Almost A KO
Emerging director Chan Tai-lee gives veteran Patrick Tam his best role in years – and still lets him get beat up.
Fight for Tomorrow
Director: Chan Tai-lee • Writer: Chan Tai-lee
Starring: Patrick Tam, Locker Lam, Mark Cheng, Ying Chi-yuet
Hong Kong • 1hr 41mins
Opens Hong Kong June 19 • IIB
Grade: B
Chan Tai-lee’s Fight for Tomorrow | 拼命三郎 is, for the most part, the daddy issues sports drama you think it’s going to be – operative words there “for the most part.” The second in what Chan hopes will be a Tomorrow Trilogy, Fight is grounded in the hoary machinations of a father reconnecting with his estranged son, helping him train up for a self-defining athletic contest of some kind and healing them both in the process. Yawn. But the funny thing is Chan does a pretty decent job of bending the formula to his will and wringing a solid drama about lost time, regret, redemption and moving on out of the familiar fabric. The film’s been a while coming; it first screened at HKAFF back in 2024, but there’s no reason to fear disaster awaits from a distributor is trying to sweep it away. Chan cut his teeth as a screenwriter – he contributed to Wilson Yip’s Ip Man franchise – and finally made his directorial debut with Tomorrow is Another Day, which mined the little details of life in public housing surrounded by gossips and idiots for its mother-special needs son drama – and he applies that intimate eye to the storytelling here. It would be easy to toss Fight on the pile with other recent sports dramas like One Second Champion, One More Chance and YOLO, but it’s less sentimental and more emotionally observant than any of those.
And it stars with underrated perpetual second-stinger and punching bag (seriously this guy gets the shit kicked out of him all the time) Patrick Tam Yiu-man as Shek Sam-long, a washed up petty gangster working as a shady as shit parking valet after getting out or prison.
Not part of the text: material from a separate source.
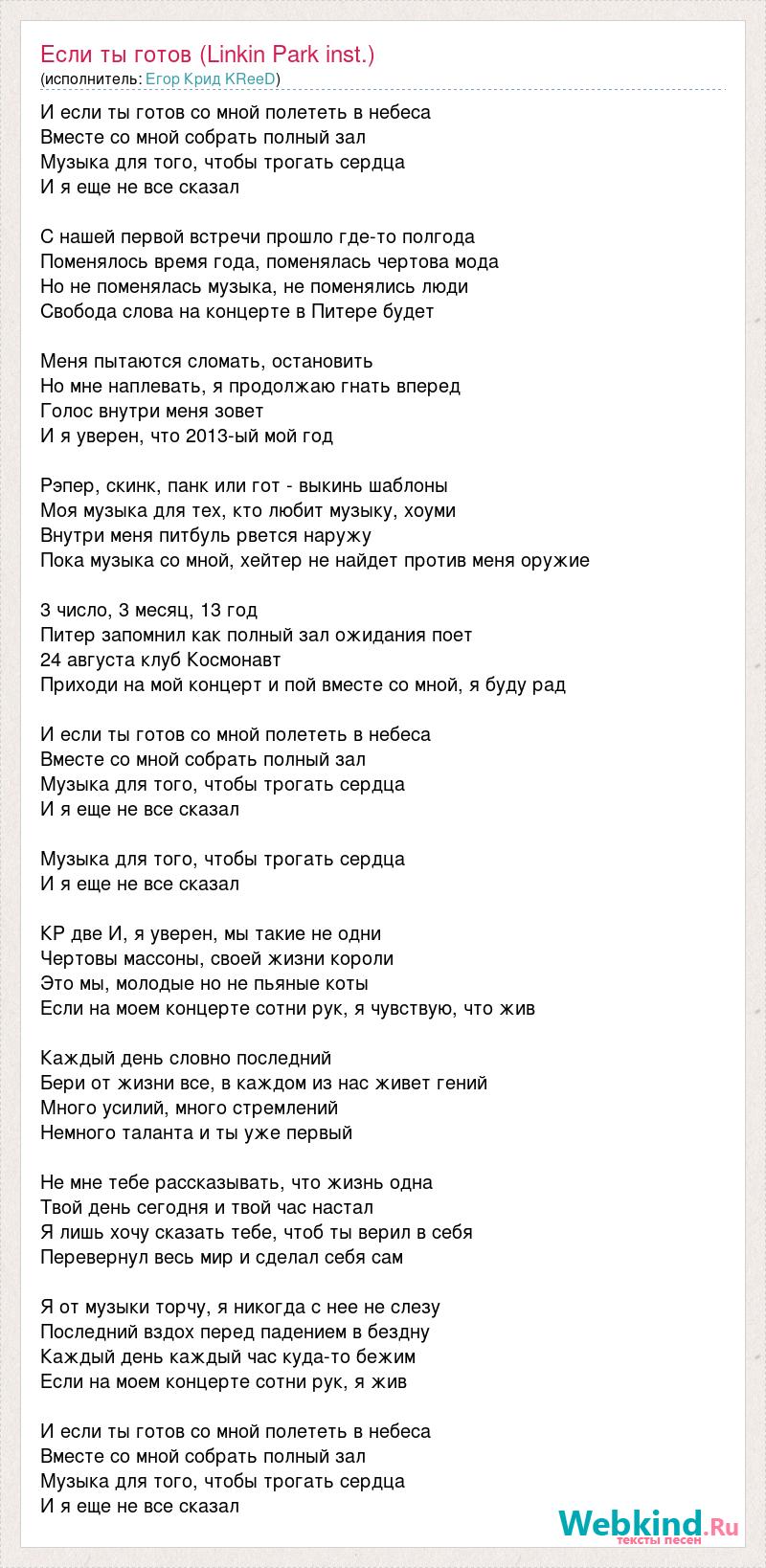 И если ты готов со мной полететь в небеса Вместе со мной собрать полный зал Музыка для того, чтобы трогать сердца И я еще не все сказал С нашей первой встречи прошло где-то полгода Поменялось время года, поменялась чертова мода Но не поменялась музыка, не поменялись люди Свобода слова на концерте в Питере будет Меня пытаются сломать, остановить Но мне наплевать, я продолжаю гнать вперед Голос внутри меня зовет И я уверен, что 2013-ый мой год Рэпер, скинк, панк или гот - выкинь шаблоны Моя музыка для тех, кто любит музыку, хоуми Внутри меня питбуль рвется наружу Пока музыка со мной, хейтер не найдет против меня оружие 3 число, 3 месяц, 13 год Питер запомнил как полный зал ожидания поет 24 августа клуб Космонавт Приходи на мой концерт и пой вместе со мной, я буду рад И если ты готов со мной полететь в небеса Вместе со мной собрать полный зал Музыка для того, чтобы трогать сердца И я еще не все сказал Музыка для того, чтобы трогать сердца И я еще не все сказал КР две И, я уверен, мы такие не одни Чертовы массоны, своей жизни короли Это мы, молодые но не пьяные коты Если на моем концерте сотни рук, я чувствую, что жив Каждый день словно последний Бери от жизни все, в каждом из нас живет гений Много усилий, много стремлений Немного таланта и ты уже первый Не мне тебе рассказывать, что жизнь одна Твой день сегодня и твой час настал Я лишь хочу сказать тебе, чтоб ты верил в себя Перевернул весь мир и сделал себя сам Я от музыки торчу, я никогда с нее не слезу Последний вздох перед падением в бездну Каждый день каждый час куда-то бежим Если на моем концерте сотни рук, я жив И если ты готов со мной полететь в небеса Вместе со мной собрать полный зал Музыка для того, чтобы трогать сердца И я еще не все сказал

Sam-long got stung with an eight-year bit for his old boss, Lee Man-sei (veteran Mark Cheng Ho-nam) and now toils in the shadows, living in a noisy rooftop flat, his dreams of opening his own nightclub long since dead. One night after a street fight (because of course), Sam-long finds himself in a holding cell at the local cop shop with his son, Shek Tau (Locker Lam Ka-hei, impressive in a pre-Cesium Fallout and Smashing Frank performance) AKA Stone, who really wants nothing to do with what he considers an absentee father. But as it goes in movies, they eventually get to talking again after Sam-long bails Stone out of jail and discovers he’s a budding Muay Thai fighter, and a pretty good one. What better way to bond than through training for a big tournament?
As it happens, Stone was in lock-up for defending himself against a bully of a fellow gym rat, David Lee (singer Ying Chi-yuet), another Muay Thai fighter who’s likely to be Stone’s opponent in the forthcoming tourney. Also as it goes in movies, David is Man-sei’s son. Who’d have guessed? Needless to say there is a lot of lying, cheating, reckoning, coming-of-age, reconciliation and catharsis for all involved, with a dose of excellent boxing action and some good ol’ fashioned Hong Kong crime bust-ups on the side, particularly a glass-smashing face-off between Sam-long and Man-sei.
Two things Fight for Tomorrow most definitely has going for it: a blessed lack of firm resolution for the main players and a stand-out performance by Tam, who probably hasn’t been this compelling since Beast Cops. I mean, he’s always good value and usually makes whatever he’s in a little bit better (Raging Fire, Where the Wind Blows) but Chan’s given him a real character to chew on – one part dad trying to make up for lost time and one part allegory for Hong Kong; it was written during the lost years of 2019-20. Throw in a supporting cast that includes some of the city’s sturdiest actors (Ben Yuen Foo-wah, Sherming Yiu Lok-yee, Law Lan and Lo Wing-cheong) and Chan’s delivered an unsurprising but genuine family drama that knows how to make its tropes work for it rather than against it – or in spite of it. Bring on part three.